For these reasons, in the recent years some corpora for the automatic understanding of robot commands in Natural Language have been produced. First of all, it is important to highlight the fact that NL Human Robot Interaction deals with different aspects of language processing. Spoken interaction implies a Speech Recognition stage, while understanding the meaning of a sentence representing a command needs some form of semantic parsing. Finally, also the translation of the meaning of a sentence in the final grounded representation can be learned, and thus a resource containing all the above information is interesting.

The resources available so far have taken into account only a subset of these different aspects. For example, the work by Bugmann et al. [3] focuses the attention on the analysis of the semantic primitives contained in the utterances pronounced by the user in a route instruction navigation task, providing utterances paired with the related recorded audio. Kuhlmann et al. [8] produced a corpus of commands for the Simulator League competition @Robocup. The meaning of the sentences representing the commands is here expressed using CLang (Coach Language), a specific language that can be compiled by the simulation environment of the competition in order to change the behavior of simulated soccer players. Other resources have been gathered using crowd-sourcing to produce data with a high degree of flexibility in term of language.

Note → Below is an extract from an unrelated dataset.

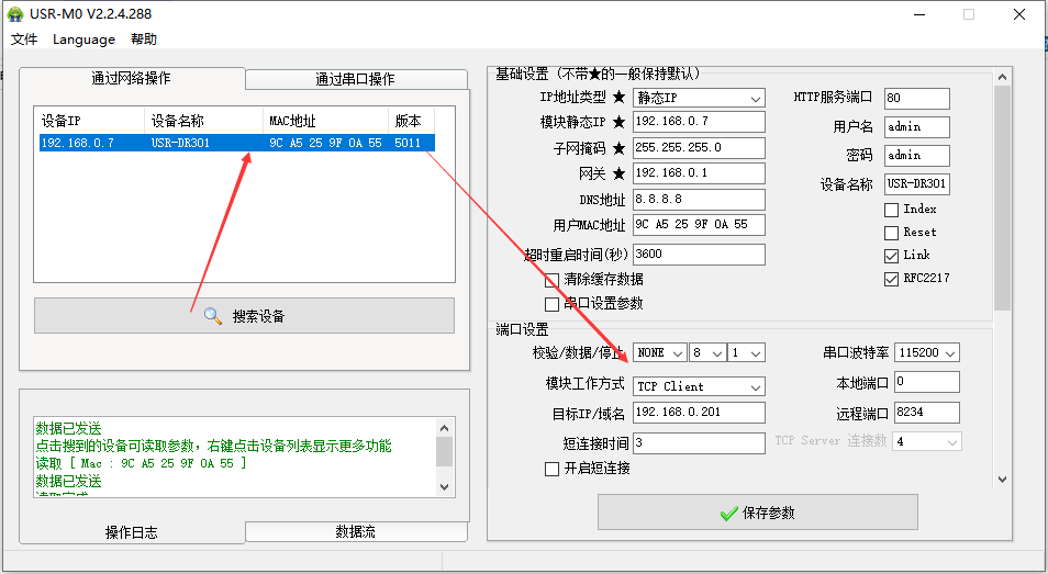 點(diǎn)擊“搜索設(shè)備”當(dāng)搜索列表中出現(xiàn)301的設(shè)備后,單擊搜索到的設(shè)備,查看其配置信息(下圖為默認(rèn)配置信息)。

For example, in Tellex et al. [12] a corpus of written commands for navigation and manipulation tasks have been realized and exploited. Here an analysis of how the spatial domain is modeled in such commands is carried out through Spatial Description Clauses (SDCs). These are semantic structures composed by a figure, a verb, a spatial relation and landmark and represent a linguistic constituent that can be grounded in the real world. Similarly, in [4] Kais presents a corpus of natural language commands for a manipulator acting in a simulated discrete 3-dimensional board. The semantic information provided is modeled through the formal Robot Command Language, encoding both semantics about actions and spatial relations between objects.

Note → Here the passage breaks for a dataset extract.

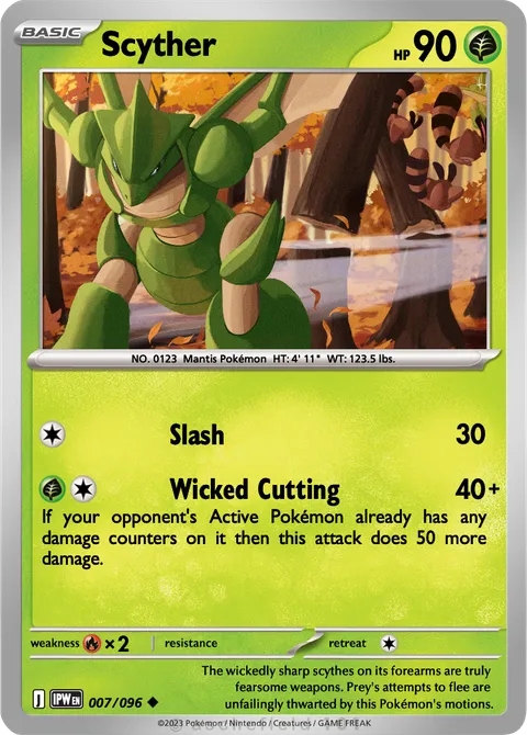 NO. 0123 Mantis Pokémon HT: 4' 11" WT: 123.5 lbs.#007/096The wickedly sharp scythes on its forearms are truly fearsome weapons. Prey's attempts to flee are unfailingly thwarted by this Pokémon's motions.Created by @MythicFox009 on 21 March 2026, last edited on 21 March 2026

However, these corpora are highly domain or system dependent. In this context, our main aim is to build a corpus containing information that are still specific of an application domain, e.g. the house service robotics, but at the same time based or inspired by general linguistic theories. By doing this, we want to offer a level of abstraction in our resource that is independent from the robotic platform, but yet motivated by largely supported theories. Multiple semantic theories can be applied to describe the aspects of the world that should be taken in account by a NL HRI system. We came to the point that, for our first investigation, two main features are required: first, the robots are supposed to execute actions, possibly corresponding to a user command; second, these actions take place in a physical environment. For the first issue, we pointed out Frame Semantics [5] as a possible solution to model the semantics of actions. For the second, we addressed the Holistic Spatial Semantics [13] to model the spatial referring expressions in spoken language.

Moreover, we wanted to offer information for each step of a possible NL processing chain (e.g. Speech Recognition, NL Understanding, etc.). For these reasons, each sentence in our corpus is paired with one or more audio files. We are also working on the possibility of providing the grounded version of the command, with respect to some environment (e.g. different house settings).

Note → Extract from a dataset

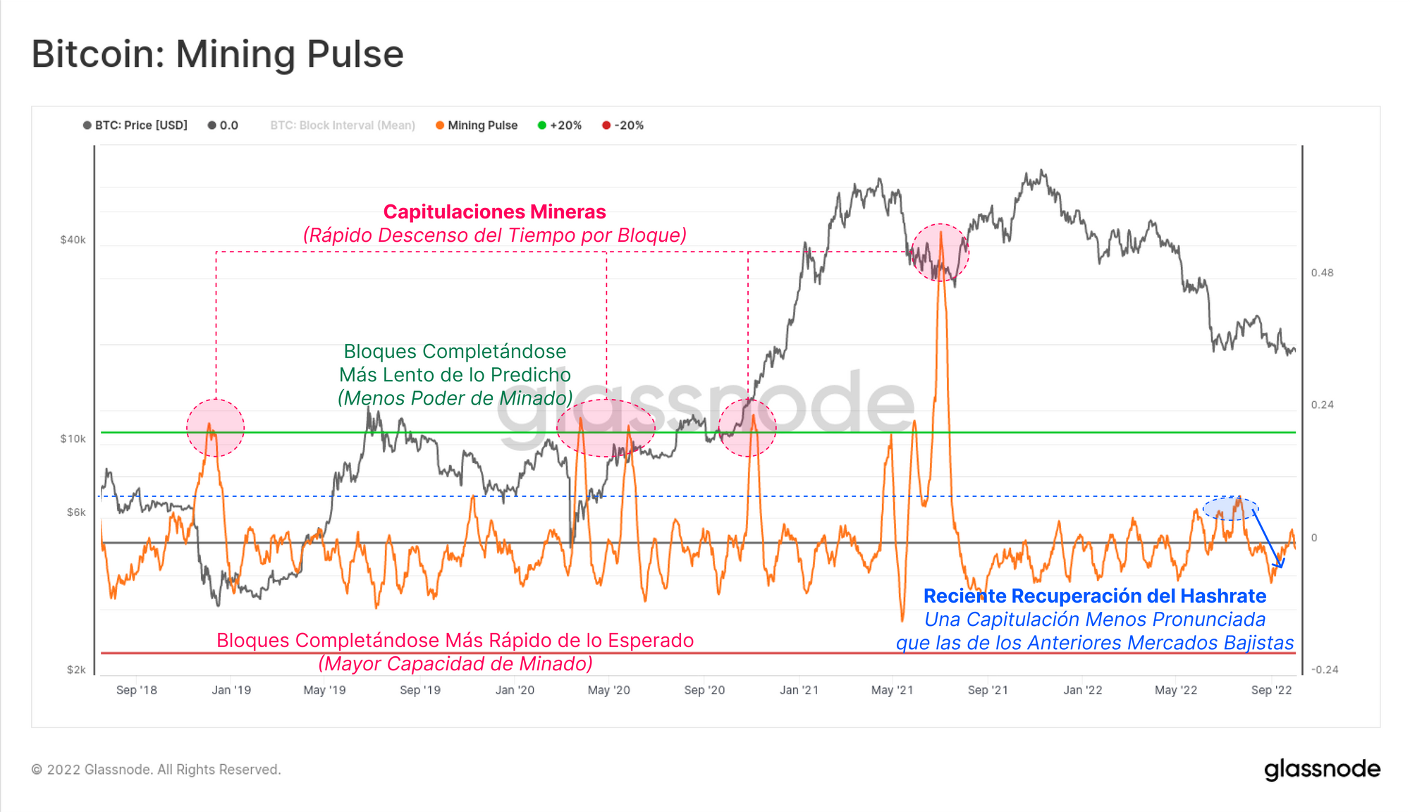 - Unos valores más altos indican que los bloques se completan en más de esos 600 segundos, indicativo de que hay una cierta cantidad de hashrate que está literalmente desenchufándose del network, algo que frecuentemente se produce en respuesta a ciertos golpes que se pueda llevar la industria, como pueden ser los eventos de capitulación.

3 The Acquisition Methodology

The dataset described in this paper has been collected in two modalities: (i) by remote interaction with the Web system described in this section; (ii) by interviewing members of the teams participating at the RoboCup@Home 2013 competition. In both cases, the Web portal described in this section has been used for the acquisition.

The RoboCup@Home corpus is composed by a set of utterances representing commands in a home environment. Since our aim has been to produce a complete resource for NL HRI, we provide both audio and textual representation of each gathered command. Each recorded utterance is coupled with its correct transcription, that has been checked by an operator either controlling directly the user insertion or later, during a validation phase. Users have been also requested to pronounce sentences inserted by others, so that multiple spoken versions of the same sentence are included.

In the first phase of the acquisition process, users could access the Web portal showed in Fig. 1 to record the commands. General situations involved in an interaction were described in the portal by displaying text and images. Each user was asked to give a command inherent to the depicted situation. In order to provide data representing realistic conditions, a portion of the gathering took place in the competition venues and in a cafeteria, thus with different levels of background noise. Moreover, the users did not receive any constraint about what to command to the robot, except for the description of the situation. As a consequence, the uttered expressions exhibit large flexibility in lexical choices and syntactic structures, again reflecting a “realistic application” condition.
Fig. 1.

The web portal used for the gathering through crowd-sourcing

In a second phase, all sentences corresponding to the transcriptions have been annotated with different syntactic and semantic information. POS-tags and syntactic dependency types have been automatically provided by the CoreNLP1 system [7], and subsequently validated during the annotation process. Semantic information has been annotated according to Frame Semantics and Holistic Spatial Semantics by two expert annotators. In the last phase of the annotation process, all the tagged information has been validated by a third expert. A dedicated tool, the Data Annotation Platform (DAP) has been implemented and used in order to facilitate the annotation and validation process: its front-end is showed in Fig. 2. This tool provides the possibility to manage linguistic information at different levels as tagging the semantics, the syntax in term of dependency types, the POS-tag and allowing to change the lemma of each word. A specific functionality of DAP allows also the user to assign a quality score to each audio file, in order to reject the one that are too noisy. In a similar way, it is possible to mark syntactically wrong sentences that have been inserted by mistake.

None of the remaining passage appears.